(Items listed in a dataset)
'''
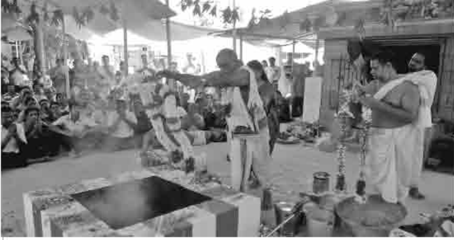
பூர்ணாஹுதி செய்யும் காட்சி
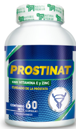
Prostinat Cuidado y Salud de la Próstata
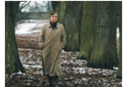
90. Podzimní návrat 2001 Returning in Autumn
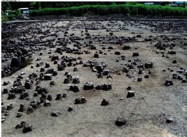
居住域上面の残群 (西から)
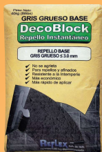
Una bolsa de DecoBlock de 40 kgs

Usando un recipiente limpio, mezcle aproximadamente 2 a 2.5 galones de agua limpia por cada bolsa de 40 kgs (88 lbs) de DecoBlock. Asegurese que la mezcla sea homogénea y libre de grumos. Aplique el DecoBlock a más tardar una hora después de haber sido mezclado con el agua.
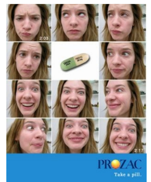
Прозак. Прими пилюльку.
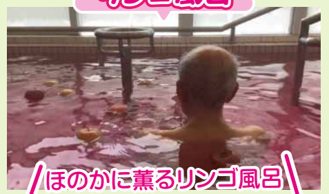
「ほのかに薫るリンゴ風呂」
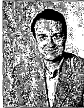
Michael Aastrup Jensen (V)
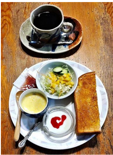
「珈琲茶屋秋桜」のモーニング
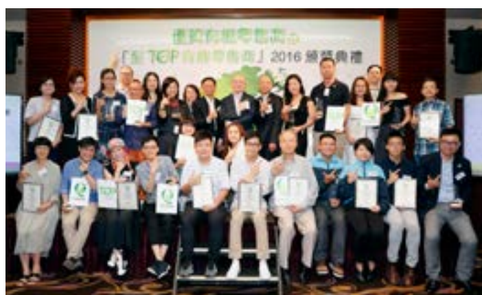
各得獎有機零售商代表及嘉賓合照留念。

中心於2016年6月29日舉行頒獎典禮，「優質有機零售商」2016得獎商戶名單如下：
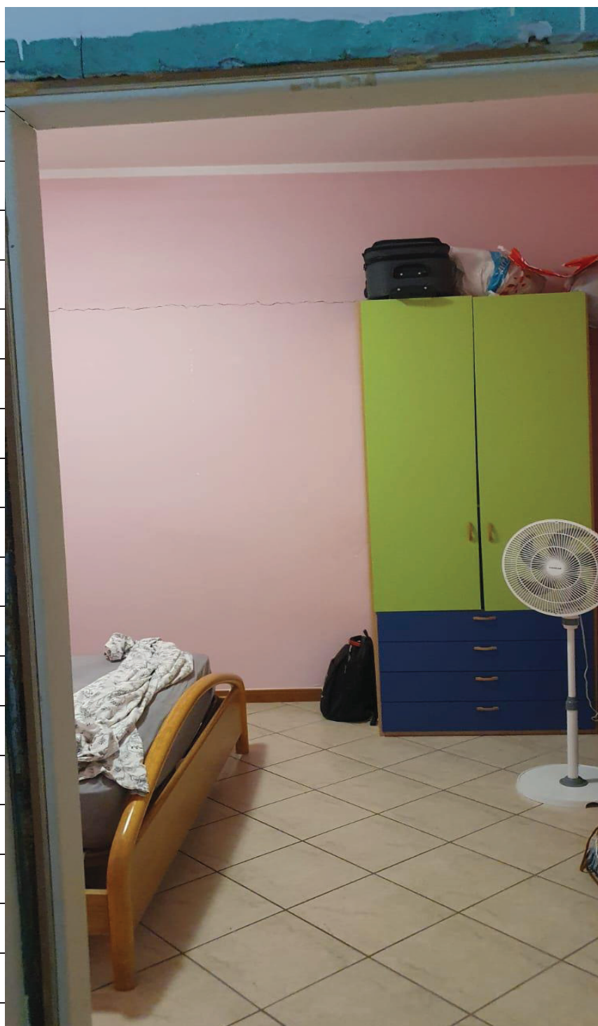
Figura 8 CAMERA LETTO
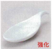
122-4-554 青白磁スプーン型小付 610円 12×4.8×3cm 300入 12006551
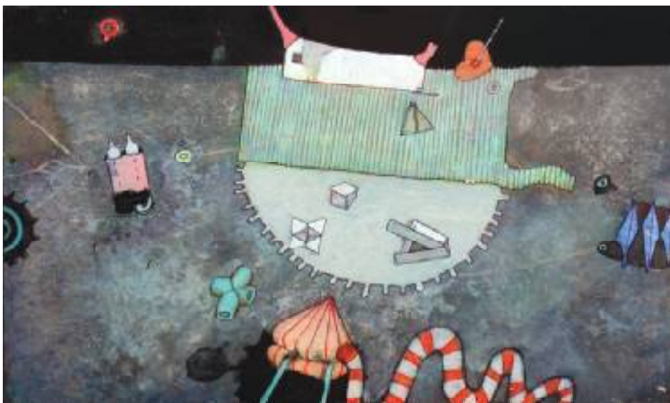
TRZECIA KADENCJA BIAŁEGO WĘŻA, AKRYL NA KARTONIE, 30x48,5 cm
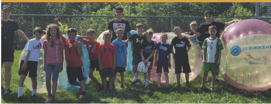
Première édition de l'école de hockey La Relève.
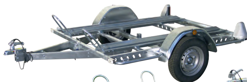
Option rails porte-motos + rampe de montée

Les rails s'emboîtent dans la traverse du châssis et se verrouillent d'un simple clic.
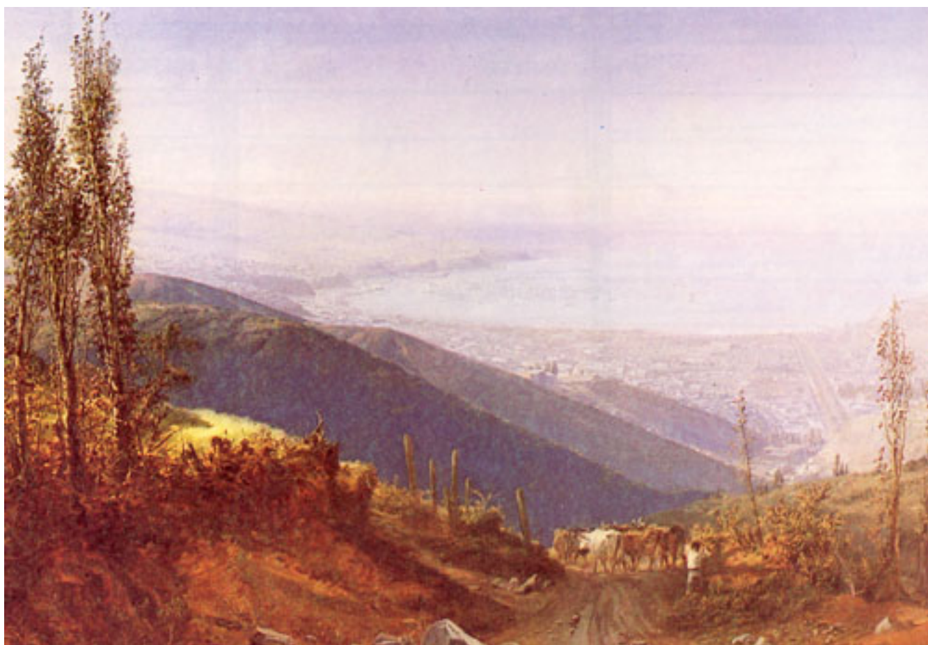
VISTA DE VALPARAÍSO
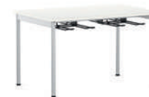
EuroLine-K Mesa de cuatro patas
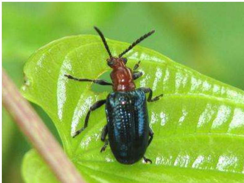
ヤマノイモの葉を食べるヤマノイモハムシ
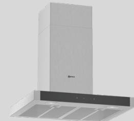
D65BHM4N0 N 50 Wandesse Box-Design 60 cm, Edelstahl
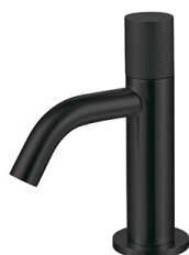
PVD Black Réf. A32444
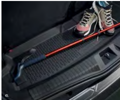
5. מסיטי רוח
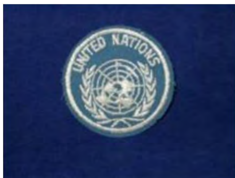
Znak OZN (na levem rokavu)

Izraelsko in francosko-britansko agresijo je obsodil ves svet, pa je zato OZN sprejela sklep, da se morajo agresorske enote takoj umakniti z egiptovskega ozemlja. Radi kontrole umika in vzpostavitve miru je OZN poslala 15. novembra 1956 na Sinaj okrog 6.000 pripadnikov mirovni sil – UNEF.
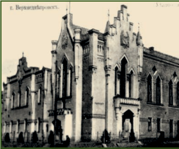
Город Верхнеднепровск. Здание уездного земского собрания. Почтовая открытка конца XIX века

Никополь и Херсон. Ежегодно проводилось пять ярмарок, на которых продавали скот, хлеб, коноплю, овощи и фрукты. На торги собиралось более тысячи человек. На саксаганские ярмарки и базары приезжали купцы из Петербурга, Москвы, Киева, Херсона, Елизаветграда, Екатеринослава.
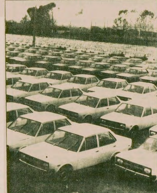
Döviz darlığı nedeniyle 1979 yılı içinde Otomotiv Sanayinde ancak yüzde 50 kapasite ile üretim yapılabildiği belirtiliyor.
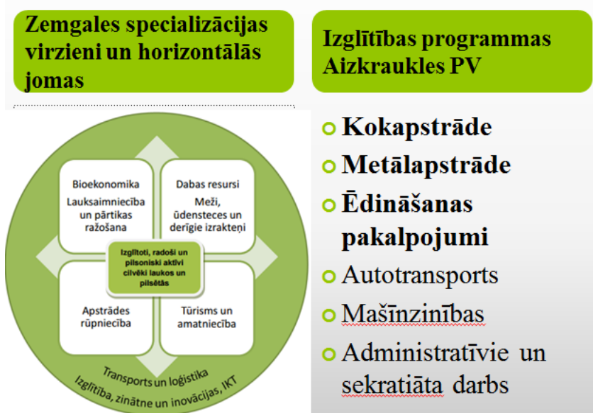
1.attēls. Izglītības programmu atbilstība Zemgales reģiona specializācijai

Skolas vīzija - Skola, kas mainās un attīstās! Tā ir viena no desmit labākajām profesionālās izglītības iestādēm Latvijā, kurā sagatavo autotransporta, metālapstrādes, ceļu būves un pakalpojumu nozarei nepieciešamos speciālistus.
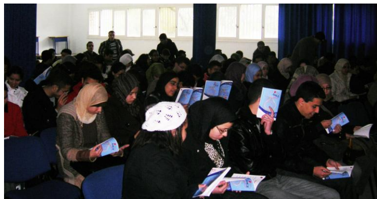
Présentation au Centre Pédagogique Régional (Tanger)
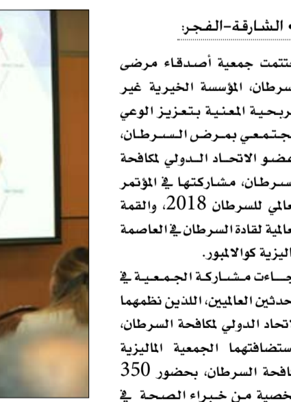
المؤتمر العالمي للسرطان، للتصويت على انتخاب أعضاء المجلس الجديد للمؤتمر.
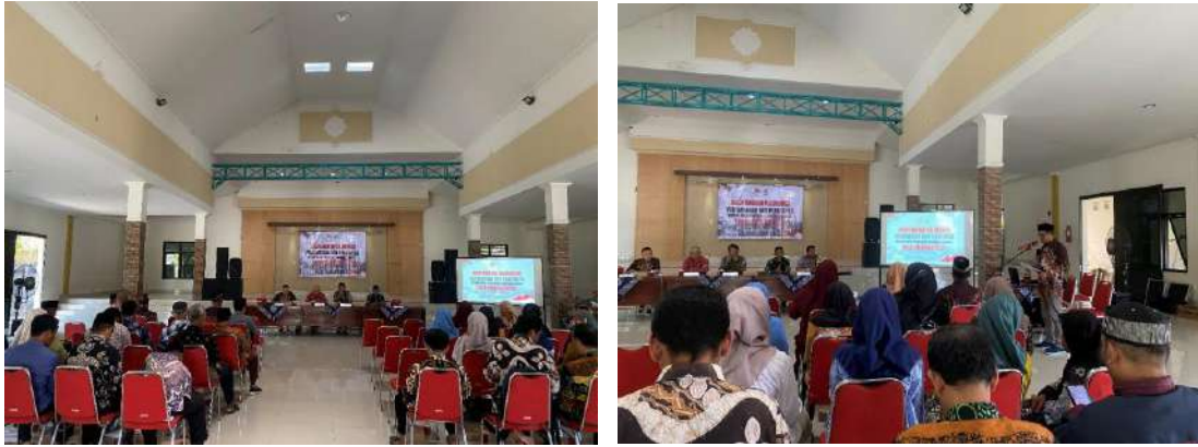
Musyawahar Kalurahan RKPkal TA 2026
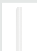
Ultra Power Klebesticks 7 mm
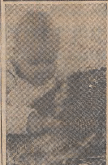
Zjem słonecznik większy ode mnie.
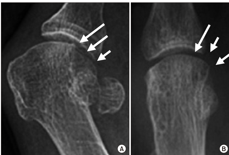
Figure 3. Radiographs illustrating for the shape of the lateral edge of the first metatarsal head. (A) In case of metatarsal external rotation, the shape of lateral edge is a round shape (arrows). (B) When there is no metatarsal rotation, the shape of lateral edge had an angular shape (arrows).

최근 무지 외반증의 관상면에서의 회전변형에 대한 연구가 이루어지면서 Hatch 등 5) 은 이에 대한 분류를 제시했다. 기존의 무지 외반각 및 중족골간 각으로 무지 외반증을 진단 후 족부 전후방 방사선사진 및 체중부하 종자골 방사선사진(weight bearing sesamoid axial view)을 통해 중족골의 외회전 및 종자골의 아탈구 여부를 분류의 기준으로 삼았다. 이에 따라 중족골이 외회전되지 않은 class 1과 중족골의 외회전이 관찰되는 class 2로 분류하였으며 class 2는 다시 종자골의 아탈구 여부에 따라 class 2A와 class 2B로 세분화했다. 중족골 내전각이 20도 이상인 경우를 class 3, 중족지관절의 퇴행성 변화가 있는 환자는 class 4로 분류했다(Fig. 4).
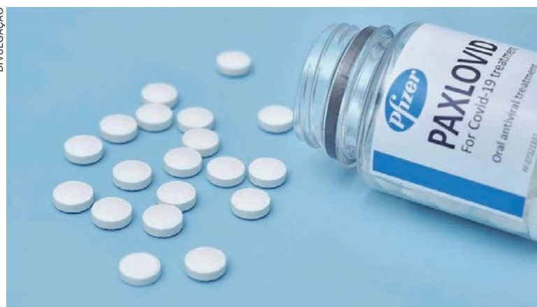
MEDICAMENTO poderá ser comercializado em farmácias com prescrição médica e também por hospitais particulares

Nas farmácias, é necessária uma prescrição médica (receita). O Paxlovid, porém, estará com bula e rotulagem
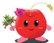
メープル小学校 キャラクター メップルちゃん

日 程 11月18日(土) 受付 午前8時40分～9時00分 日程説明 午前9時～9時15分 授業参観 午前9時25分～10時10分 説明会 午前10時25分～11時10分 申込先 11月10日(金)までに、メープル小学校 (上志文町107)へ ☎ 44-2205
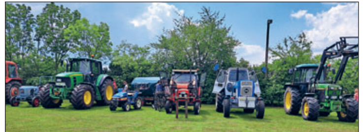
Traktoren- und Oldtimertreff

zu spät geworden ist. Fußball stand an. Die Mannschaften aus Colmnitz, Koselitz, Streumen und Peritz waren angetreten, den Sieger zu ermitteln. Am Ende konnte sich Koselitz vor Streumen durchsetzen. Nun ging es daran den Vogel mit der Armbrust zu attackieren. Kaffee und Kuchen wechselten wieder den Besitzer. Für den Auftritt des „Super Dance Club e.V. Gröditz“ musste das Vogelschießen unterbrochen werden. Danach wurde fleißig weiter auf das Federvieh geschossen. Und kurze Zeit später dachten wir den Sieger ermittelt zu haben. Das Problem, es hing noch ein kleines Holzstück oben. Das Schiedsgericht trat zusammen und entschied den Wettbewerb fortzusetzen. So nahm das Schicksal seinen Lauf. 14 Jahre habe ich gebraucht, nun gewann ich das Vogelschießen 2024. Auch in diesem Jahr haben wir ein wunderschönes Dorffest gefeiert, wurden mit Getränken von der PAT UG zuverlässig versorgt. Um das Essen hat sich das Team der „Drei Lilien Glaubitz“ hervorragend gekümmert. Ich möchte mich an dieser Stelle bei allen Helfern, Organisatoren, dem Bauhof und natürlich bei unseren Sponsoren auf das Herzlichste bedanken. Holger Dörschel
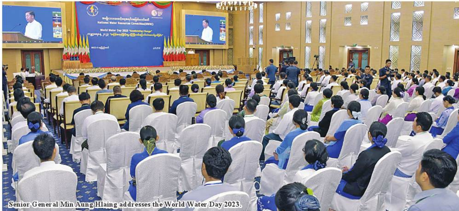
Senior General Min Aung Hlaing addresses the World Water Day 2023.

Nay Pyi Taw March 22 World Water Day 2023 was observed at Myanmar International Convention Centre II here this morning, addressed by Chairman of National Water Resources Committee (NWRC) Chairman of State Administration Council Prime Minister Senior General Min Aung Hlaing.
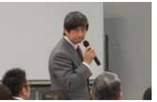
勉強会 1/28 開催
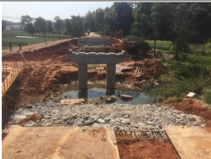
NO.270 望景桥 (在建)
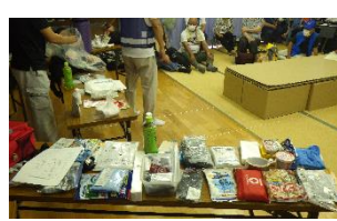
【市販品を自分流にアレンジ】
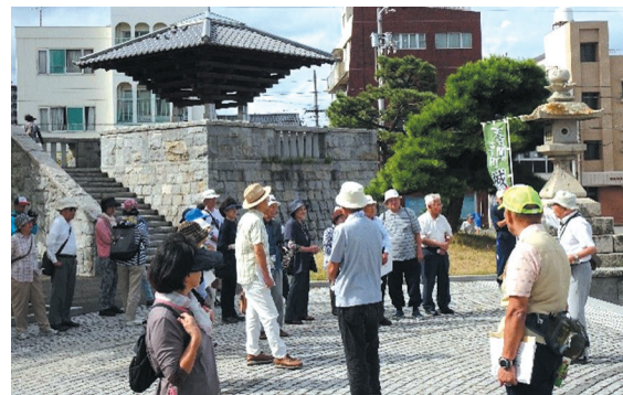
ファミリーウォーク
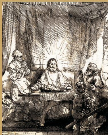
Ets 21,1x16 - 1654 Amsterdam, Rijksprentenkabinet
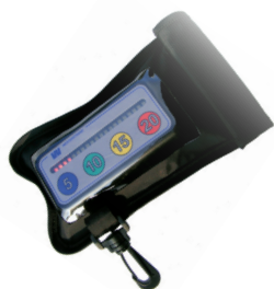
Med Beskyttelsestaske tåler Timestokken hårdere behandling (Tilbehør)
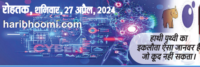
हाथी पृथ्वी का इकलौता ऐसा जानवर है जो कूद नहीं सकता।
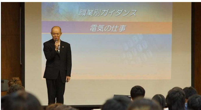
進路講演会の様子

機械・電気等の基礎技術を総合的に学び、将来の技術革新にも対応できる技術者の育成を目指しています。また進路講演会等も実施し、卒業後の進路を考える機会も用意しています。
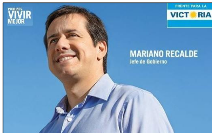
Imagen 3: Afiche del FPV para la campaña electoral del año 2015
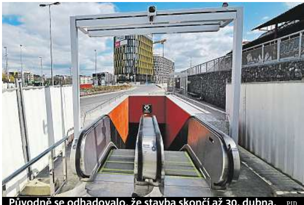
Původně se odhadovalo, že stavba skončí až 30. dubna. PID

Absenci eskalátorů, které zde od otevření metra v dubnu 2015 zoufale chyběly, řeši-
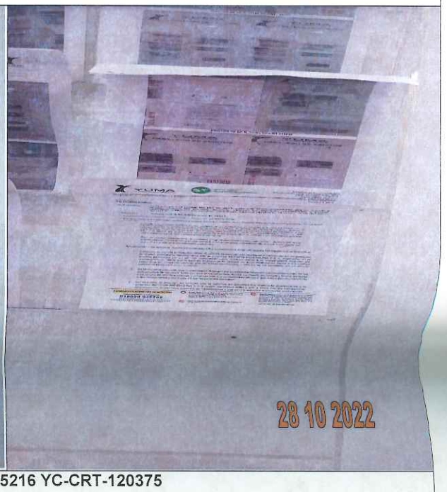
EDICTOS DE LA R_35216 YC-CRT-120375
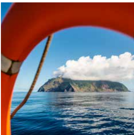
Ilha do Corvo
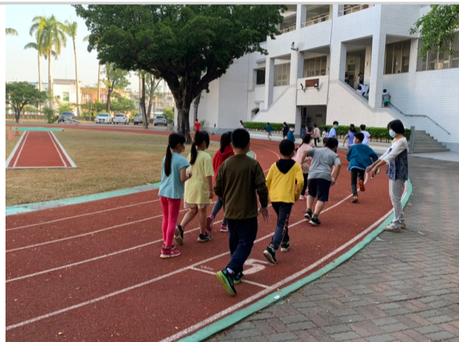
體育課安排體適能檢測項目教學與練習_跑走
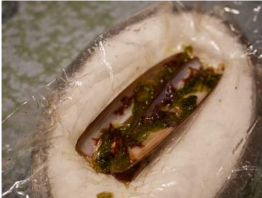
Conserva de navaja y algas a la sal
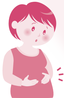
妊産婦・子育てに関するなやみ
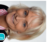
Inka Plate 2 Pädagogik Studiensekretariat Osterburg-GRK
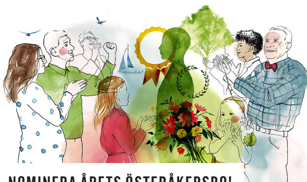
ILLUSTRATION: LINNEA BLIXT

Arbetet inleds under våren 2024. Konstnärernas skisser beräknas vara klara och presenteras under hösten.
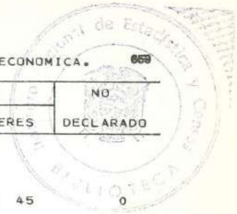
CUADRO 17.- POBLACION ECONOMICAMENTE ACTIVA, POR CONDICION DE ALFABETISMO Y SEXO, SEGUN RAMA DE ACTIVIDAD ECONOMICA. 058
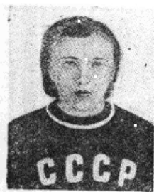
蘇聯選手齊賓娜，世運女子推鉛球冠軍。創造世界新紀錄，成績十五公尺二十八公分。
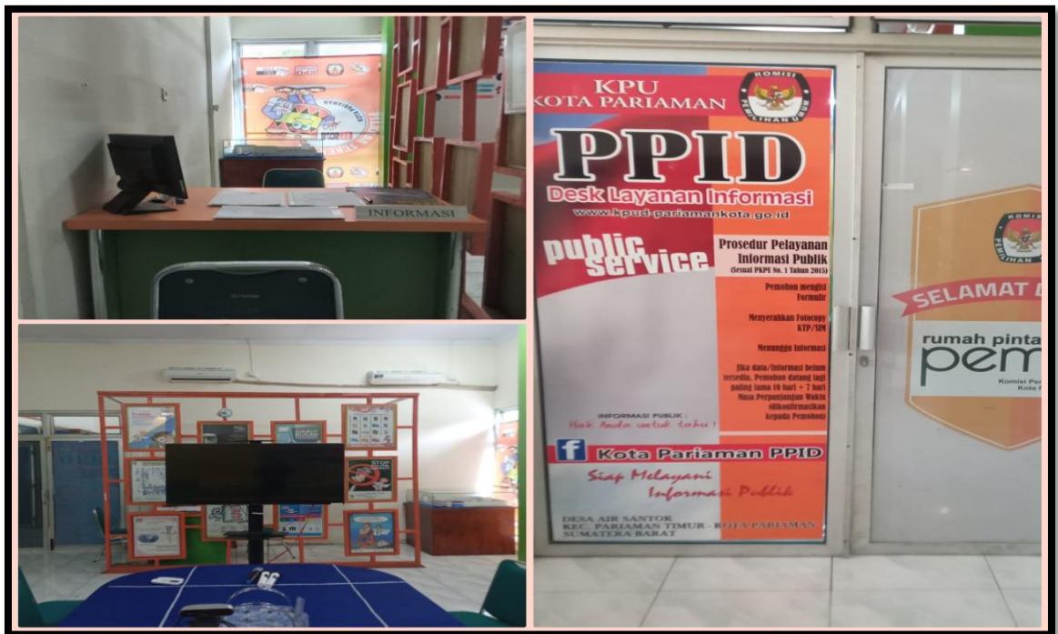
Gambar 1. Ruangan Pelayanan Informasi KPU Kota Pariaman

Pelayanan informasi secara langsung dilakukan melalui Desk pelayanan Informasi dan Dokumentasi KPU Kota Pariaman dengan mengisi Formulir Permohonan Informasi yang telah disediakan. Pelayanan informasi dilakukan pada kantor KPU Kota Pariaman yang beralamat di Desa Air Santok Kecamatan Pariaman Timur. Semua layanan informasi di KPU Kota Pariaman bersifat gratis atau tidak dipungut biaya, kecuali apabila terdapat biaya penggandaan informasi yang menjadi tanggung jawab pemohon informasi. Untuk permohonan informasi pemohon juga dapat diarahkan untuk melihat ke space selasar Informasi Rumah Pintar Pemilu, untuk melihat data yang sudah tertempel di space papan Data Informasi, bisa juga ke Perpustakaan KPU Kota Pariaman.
'''
**WHAT TO PRODUCE:**
An answer is complete only when it holds every line above containing the string "Aung".

**RESPONSE BELOW:**
Senior General Min Aung Hlaing addresses the World Water Day 2023.
Nay Pyi Taw March 22 World Water Day 2023 was observed at Myanmar International Convention Centre II here this morning, addressed by Chairman of National Water Resources Committee (NWRC) Chairman of State Administration Council Prime Minister Senior General Min Aung Hlaing.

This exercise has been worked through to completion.